The other day I ran out of food in my fridge. I wasn't feeling up for the thirty minute trip to the store so I ate what was laying around. It was horrible.

When you're hungry, and you're feeling lazy, it's so easy to eat those chips, drink that soda, eat that candy, eat that bread. I love, love bread, but I know it's bad for you. You eat these things, and they taste amazing, but you feel like crap after. You may not know that you feel like crap, which I've seen in my friends when they look so proud of themselves after a bowl of ramen. Think about it. Your head gets a little sluggish. Your stomach feels heavy. You don't have as much energy to talk, or do, or make.

On this day, I got almost nothing done, because I ate crap all day. Isn't that amazing? Two unrelated things suddenly have everything to do with each other. I've been to those all night hackathons where there was nothing but cola and chips and pizza. That doesn't keep people going. The adrenaline and time limit help you stay awake, but it isn't sustainable.

I went to the store the next day and bought three days worth of meat and vegetables. Because everything good was there for me to reach for, I never had to think twice about it. These next three days were very productive, especially compared to the horrible day preceding it.
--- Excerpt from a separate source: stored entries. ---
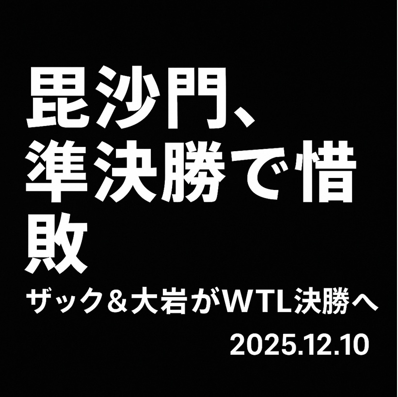 ザック・セイバーJr.&大岩陵平が毘沙門に勝利し決勝進出。POSTレストリング - 大岩のカオス・セオリーを起点に、ザックの押さえ込みで後藤を仕留める形が決定打。Slam Wrestling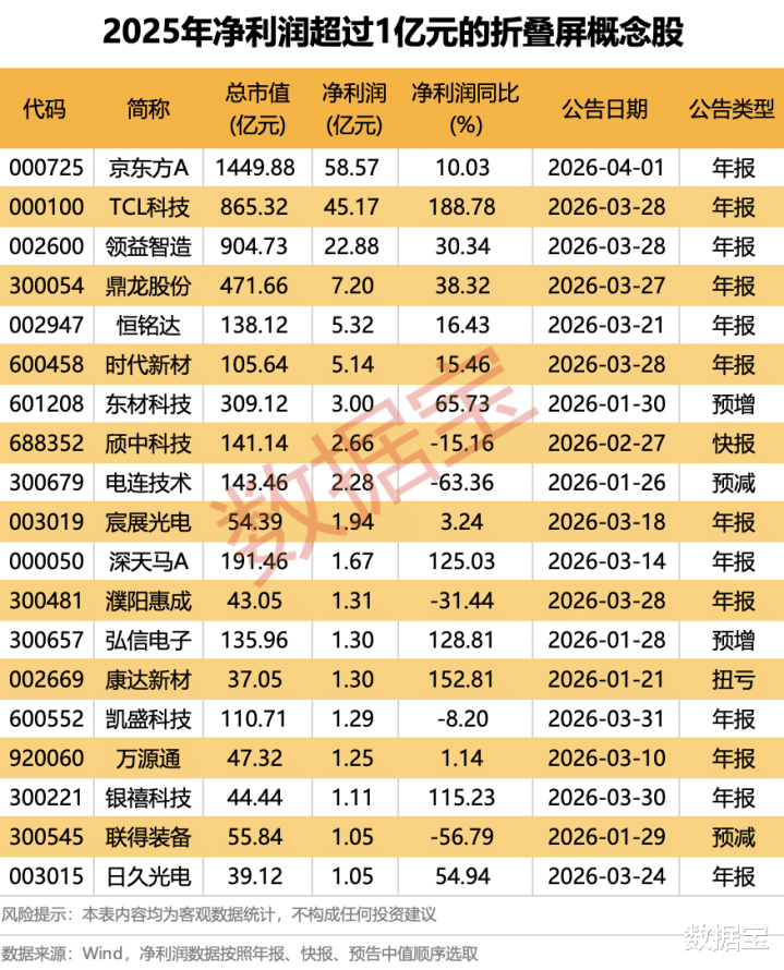据证券时报·数据宝统计,截止4月6日,已有29只折叠屏想法股发布2025年齿迹关联阐述。以年报、事迹快报、事迹预报中值为序取值,19股净利润在1亿元以上。京东方A、TCL科技、领益智造净利润范围均逾10亿元,隔离为58.57亿元、45.17亿元、22.88亿元;鼎龙股份、恒铭达、期间新材净利润均在5亿元以上。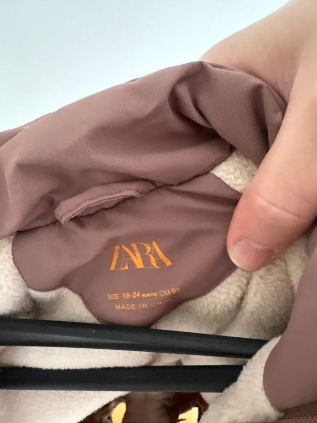 Zara infant bunting snowsuit in dusty rose. It's a size 18-24 months, CM 92. Features a cosy sherpa lining and a full zip closure. This snowsuit is perfect for keeping your little one warm during colder months!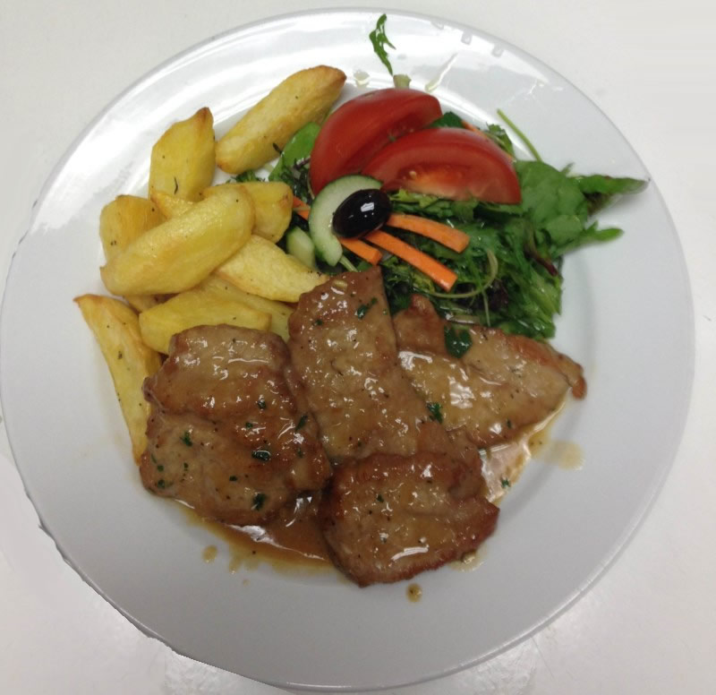 Escalope pan seared then cooked with a marsala wine reduction sauce

We have a say in what we are with what we surround ourselves with. Food is just a small part of it. I can think of two more right away. Facebook. Don't get me wrong, it's great because it's the best way to keep up with and contact most of my friends. But there are also times when you spend half an hour scrolling down your news feed. It feels like eating a cheeseburger. You can't stop once you start, and it's kind of fun, but it sucks after. So figure out a way to only reach for it deliberately. (The same goes for Twitter, and maybe your RSS feeds, or Reddit, or whatever.)

The second is television. I have a friend who doesn't even have a TV. He doesn't have to think about it at all. It's not an option, but that's a deliberate choice. There are plenty of other things lying around to grab his attention. He makes those things lying around count.

And I have the perfect thing for you to have lying around. Books. Books have changed my life. They're the meat and vegetables for your brain. Try not to read too many five hundred word articles on the latest tech news and gossip. And if you're going to, find just the few writers whose opinions you trust and find interesting, and find the long form reads from great magazines. But also read books. I'm not saying have them physically lying around your room (although that'd be nice too). I hardly have any paperbacks because I buy books for my Kindle app. Our lives live in the screen, so the things you have lying around in your computer are important too. If you have an easy way to get to Facebook and Hulu, you're going to find yourself going there a lot. Instead, have an impossily long list of books you want to read, have a shortcut to where you can get to these books, and have your Kindle or whatever laying around so whenever you look at it you can think of reading the next chapter.

Find the other things that fascinate you that don't make you feel like shit after. Leave your guitar or piano in a place that will make you want to sit down and play when you walk past it. A good movie is one of the most satisfying things in the world. Even some video games make me so happy (I would say most multiplayer shoot-em-ups do not fit what I'm talking about). Find a way to constantly remind you of your unfinished projects. Find art and surround yourself with it. You'll be a healthier person.